#### MATERIAL FOR THIS TASK
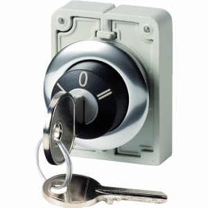 EATON INDUSTRIES - Chiave a pulsante, fronte piatto, 3 posizioni, Ronis 455, estrazione chiave: 0, ghiera frontale metallo.
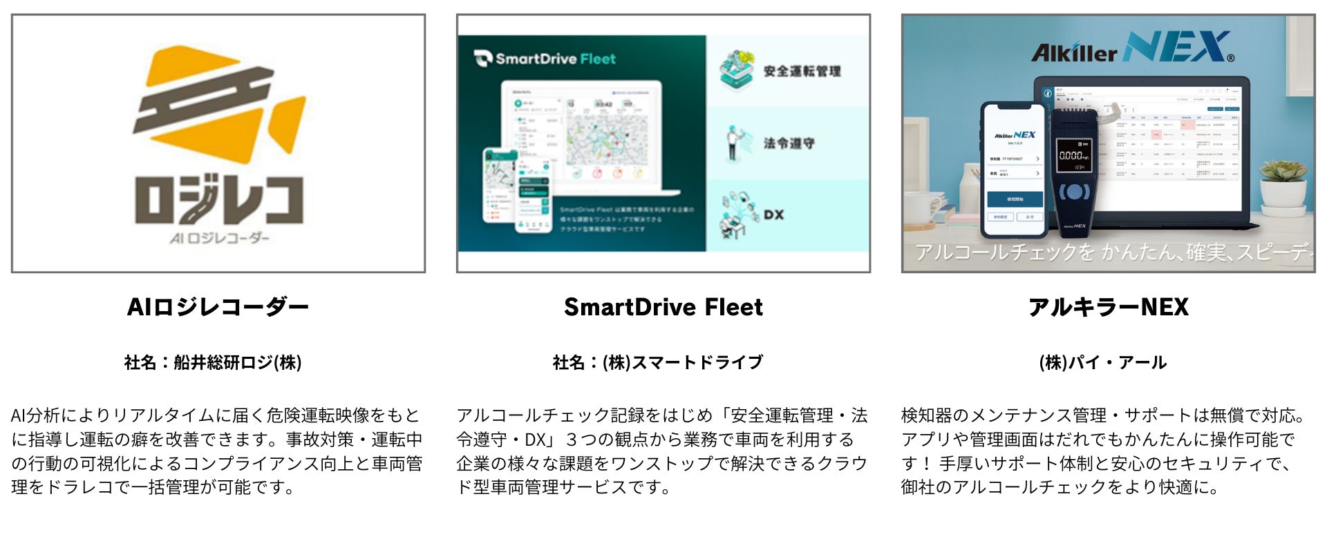 12月1日より、アルコール検知器による飲酒検査が義務化となります。いよいよ始まる義務化へ向け、アルコール検知器や車両管理サービスなどが出展。
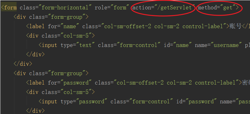 - action:也就是表单提交后会跳转的路径,我这边设置的为“/getServlet”
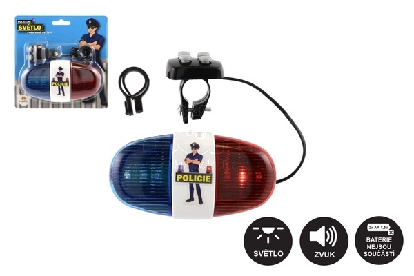 Díky policejnímu světlu budou děti na kole pořádně vidět a díky siréně i slyšet. Siréna má 4 melodie, které se zapínají tlačítky. Siréna je pro použití venku, nepřikládejte k uchu. Světlo je na baterie 2 x AA 1,5V - nejsou součástí balení.
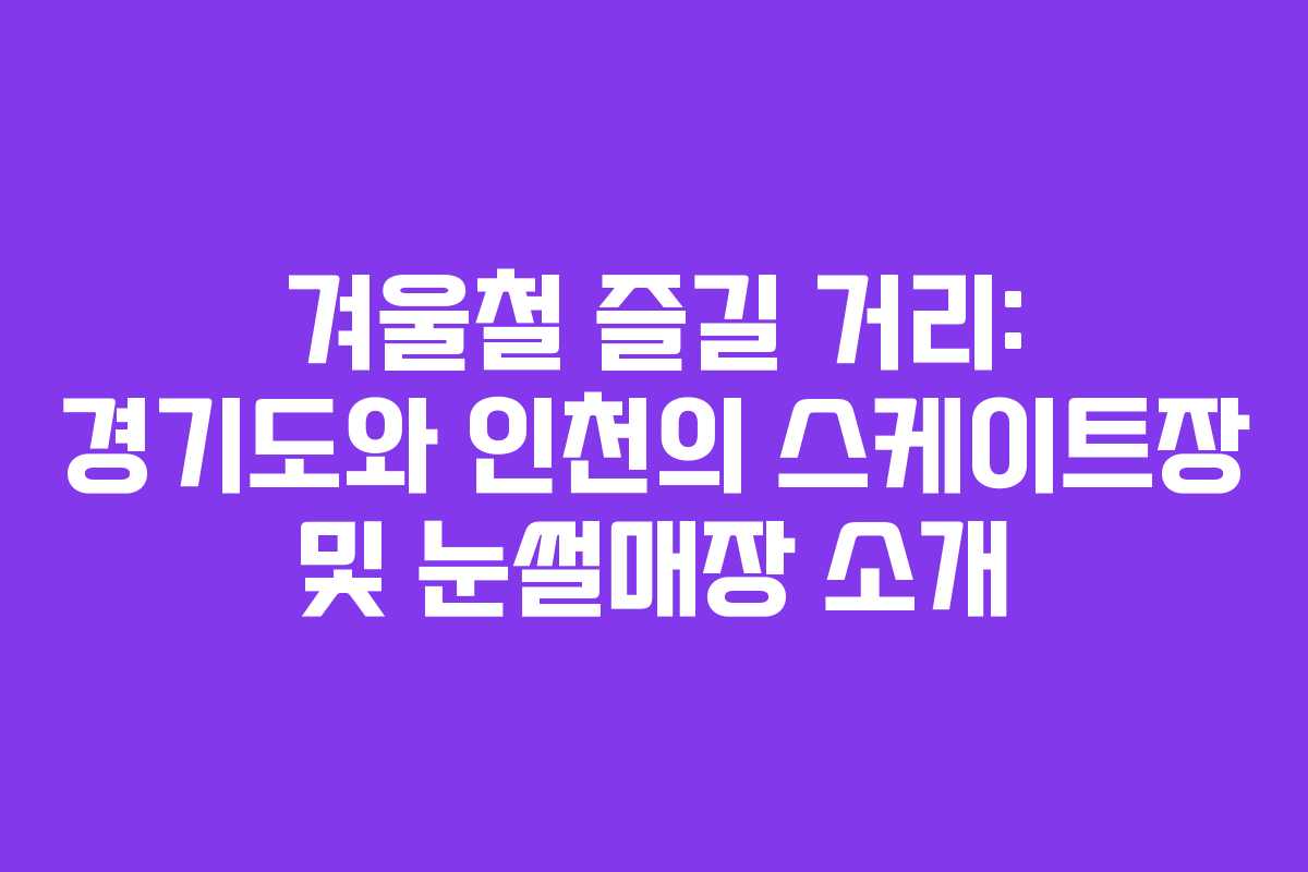 겨울이 다가오면 스케이트와 눈썰매와 같은 다양한 레포츠를 즐길 수 있는 좋은 기회입니다. 경기도와 인천 지역에서 추천하는 스케이트장과 눈썰매장을 소개합니다.
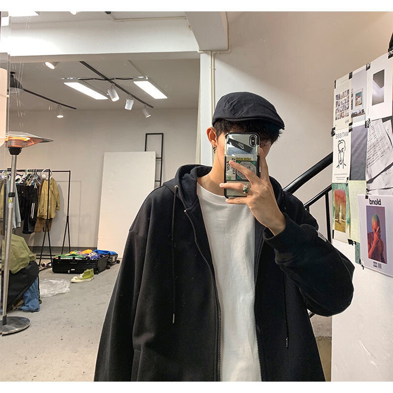 Thin Solid Color Men's Hooded Cardigan Sweater Spring and Autumn Trendy Ins Loose Casual All-matching Top Zipper Coat
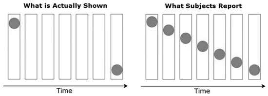Another example, from the visual domain, is as follows: A dot is displayed on the screen, and 200 ms later after the first dot disappears, another dot is displayed on another place on the screen. What the experience that is obtained in consciousness is, is that of a dot moving from the first position to the second position. The situation is illustrated in Figure 10.
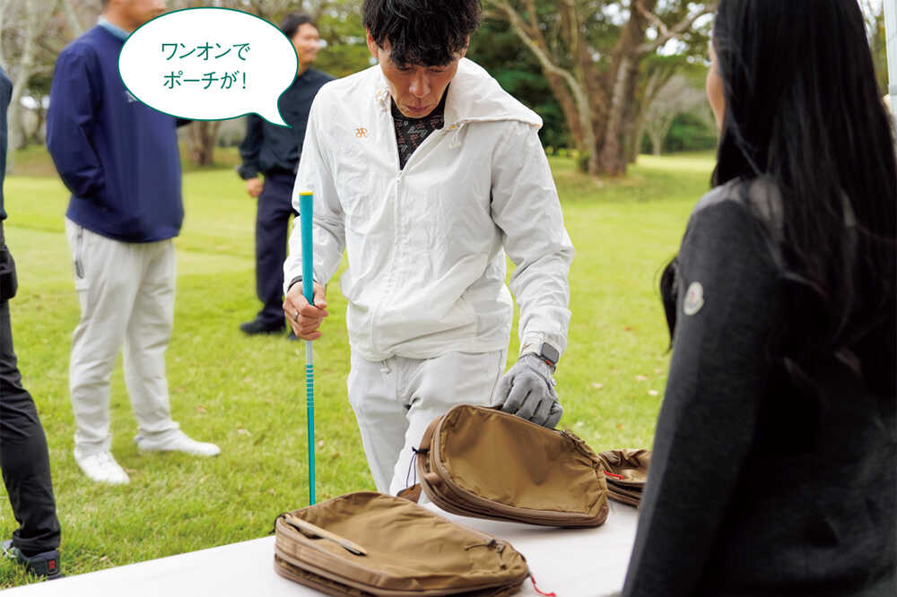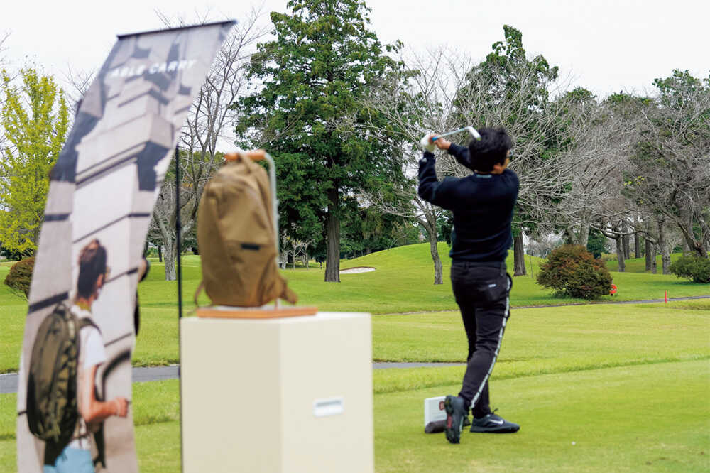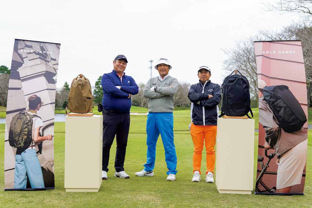 グリーン手前の大きな池がプレイヤーにプレッシャーをかける11番ショートホールは〈エイブルキャリー〉協賛ホールに。このホールでは機能性抜群の〈エイブルキャリー〉のバックパックがティーグラウンドに展示されたほか、グリーン上の指定位置に見事ワンオンしたプレイヤー全員に、特製のポーチがプレゼントされた!

#### THE PROBLEM
When pictures appear in the records above, leave them out and reproduce exactly each line from the first through the line containing "- action:也就是表单", both included.

#### RESULT BELOW
 EATON INDUSTRIES - Chiave a pulsante, fronte piatto, 3 posizioni, Ronis 455, estrazione chiave: 0, ghiera frontale metallo.
 12月1日より、アルコール検知器による飲酒検査が義務化となります。いよいよ始まる義務化へ向け、アルコール検知器や車両管理サービスなどが出展。
 - action:也就是表单提交后会跳转的路径,我这边设置的为“/getServlet”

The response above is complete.